Dawn had brought four people representing three generations of a vegan Puerto Rican family. The two youngest two girls aged six and thirteen years old, and the mother and grandmother could have passed for sisters. (Either it's the vegan diet or their age difference was small.) So we even had kids at our party. Strangely, though, we only had two additional dogs: Carrie & Michæl's Penny and a dog belonging to a new couple we've become friends with from down in New Paltz (he runs some sort of soft-core web erotica website).
Not long after the first tour of the greenhouse, I ran a second tour "for elite members only," and this was understood to be specifically for the smoking of the marijuana.

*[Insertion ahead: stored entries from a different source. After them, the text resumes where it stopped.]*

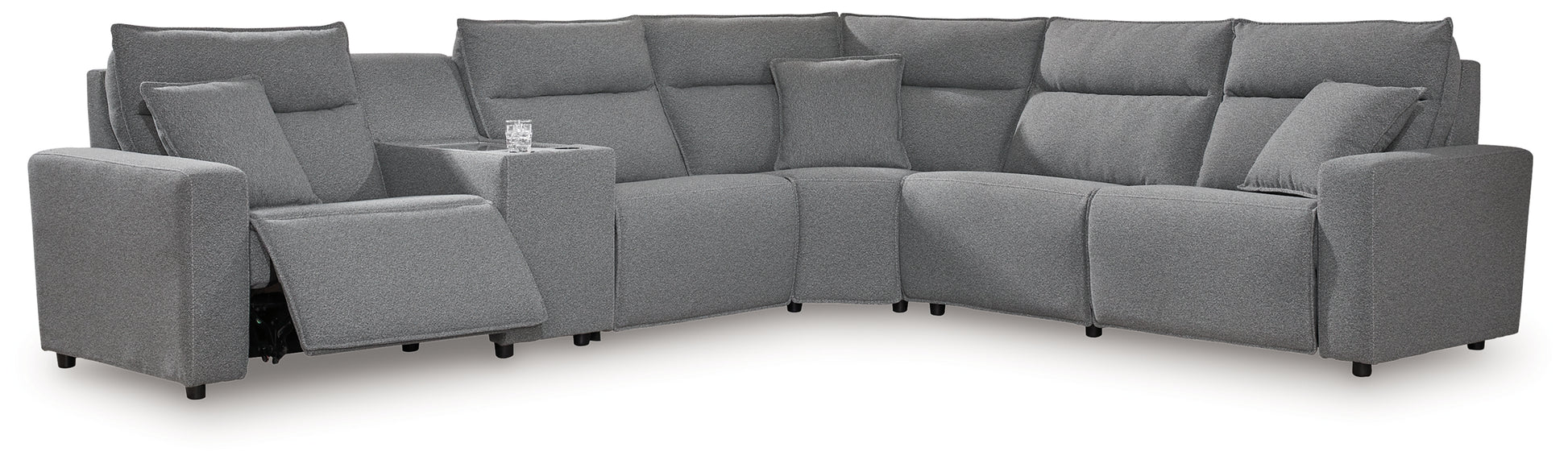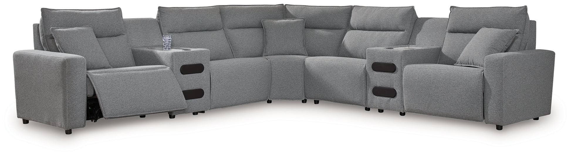 - Includes 6 modular pieces: left-arm facing power recliner, power armless recliner, armless chair, console, wedge and right-arm facing power chaise
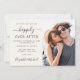 Modern ljuskräm med bröllop spara datum-meddelande som innehåller ditt foto och "Lyckligtvis någonsin efter" i en blandning av enkel typografi och ett skript för chic. Anpassa din spara datuminformation och lägg till namnen i ett namnteckning skript. På baksidan gås med ditt namn och bröllop-datum ihop av ett hjärta.
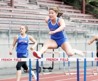 High jump: 1, Melanie Vertrees, Kent-Meridian, Lindsey Moore, Kentwood, 5-7.
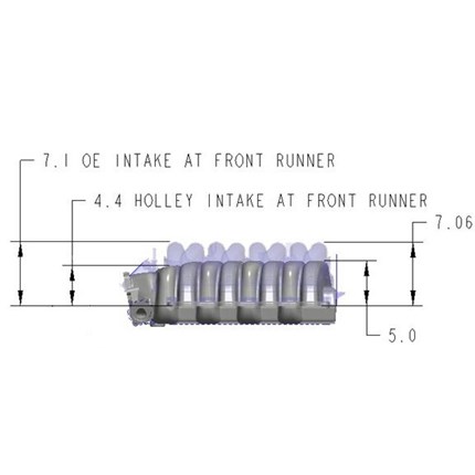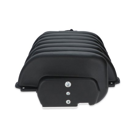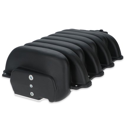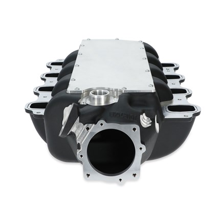 Holley's low-profile intake manifold for Ford's 7.3L "Godzilla" engine, when paired with a 20-340/20-340BK oil pan and accessory drive kit, allows for easy installation into vintage vehicles, kit cars, and other space-restricted applications while retaining the factory hood. The design focus for this manifold was equal cylinder distribution and great street manners. This low-profile intake manifold offers a much cleaner alternative to the original plastic intake, provides anywhere from 2 to 3.5-inches of additional clearance, corrects the OE throttle body angle by 55 degrees, and increases the opening to 92mm. With three throttle body options, sturdy cast aluminum construction, a removable lower panel, and long runners to maintain the 7.3-liter's already substantial torque offering, this is a must-have for any "Godzilla" project.
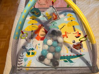 Gimnasio de actividades para bebés con un diseño divertido y educativo. - Incluye varios juguetes colgantes. - Tapete con estampado de animales y naturaleza. - Estructura de arcos para colgar los juguetes.
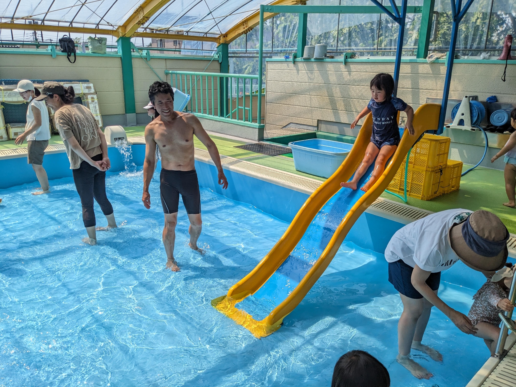 慣れるまでは先生に手をつないでもらって滑りますが、慣れてきたら一人で滑れるようになります。
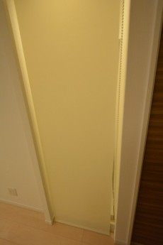 リビングダイニングキッチンには洗濯機置場があります。目隠しにロールカーテンが設置されているので、すっきり見せる事ができますね(^v^)
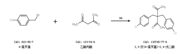 1.通过4-氯苄溴和乙酰丙酮合成3,3-双(4-氯苄基)-2,4-戊二酮,收率约9%;
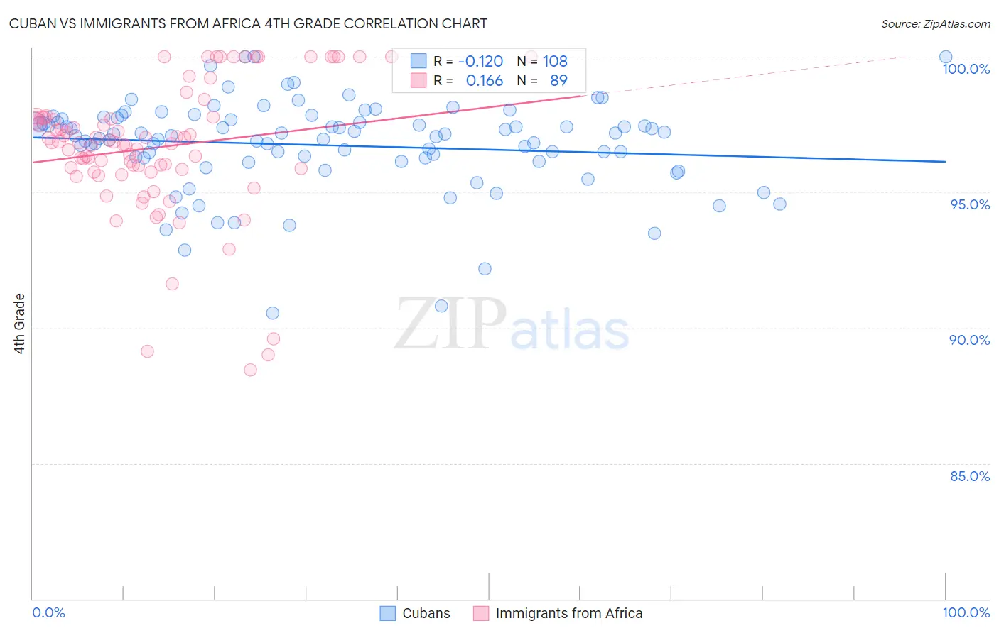 Cuban vs Immigrants from Africa 4th Grade Correlation Chart
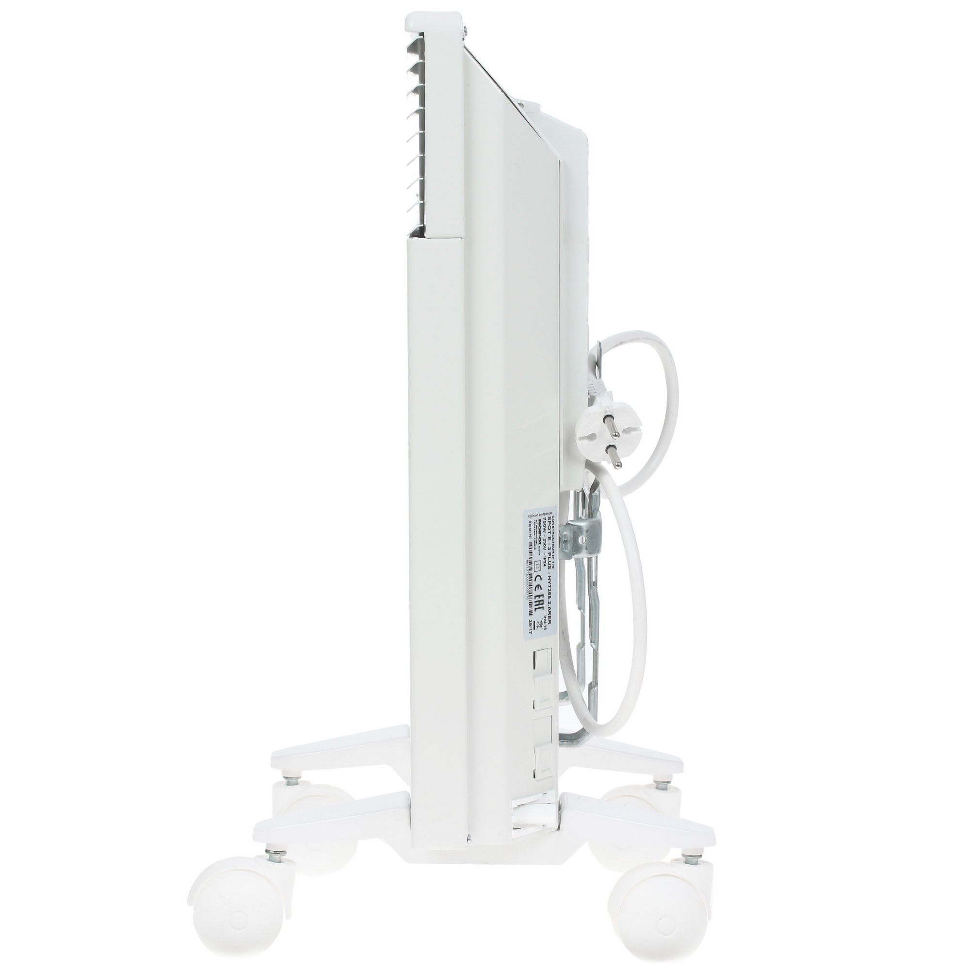 Конвектор Noirot Spot E 3 750 Plus представлен в напольном дизайне с белоснежной расцветкой корпуса и может быть монтирован на стену в целях экономии свободного пространства. Оборудование оснащено электронным термостатом, позволяющим регулировать уровень нагрева и мощности до 750 Вт. Устройство весит 2.8 кг, обладает габаритами 34х44х8 см, обладает двумя рабочими режимами и надежной системой защиты от перегрева.

I remember from our last party (the only other daytime party in our post-greenhouse-upstairs life) the thrill of hearing the roar of a party in the distance and knowing that it was actually the sound from another part of the same party I was currently in. When I noticed this phenomenon again today, I couldn't help but remark on it. It's a little like being on a lake on the Fourth of July (or some similar day) and watching the various fireworks displays, but because (in this case) the occasion wasn't a widely-celebrated holiday, it was also more delightful in proportion to how personal it was.
After that, I led people on a tour of the forest. We went down the Stick Trail and then I "bushwacked" off-trail westward to the Chamomile Headwaters Trail and then led everyone home on the Farm Road. Along the way, we stopped (as I always have people do) at the place where Wintergreen grows and coerced people into eating the leaves. They're always reliably amazed by the gum-pack quality of the natural resource. Along the way, we somehow lost Eva and Sandor. Ramona and I went on a search to find them and came up empty, but they managed to find their way home by backtracking after coming to a split. That's the advantage of having a trail clearly marked with sticks (sticks, I should add, that have somehow survived for over ten years in contact with the ground).
The key to being able to drink continuously from 2:30pm until after 9:00pm (when the last people left) was to avoid the good beers and mostly drink Genesee Cream Ale.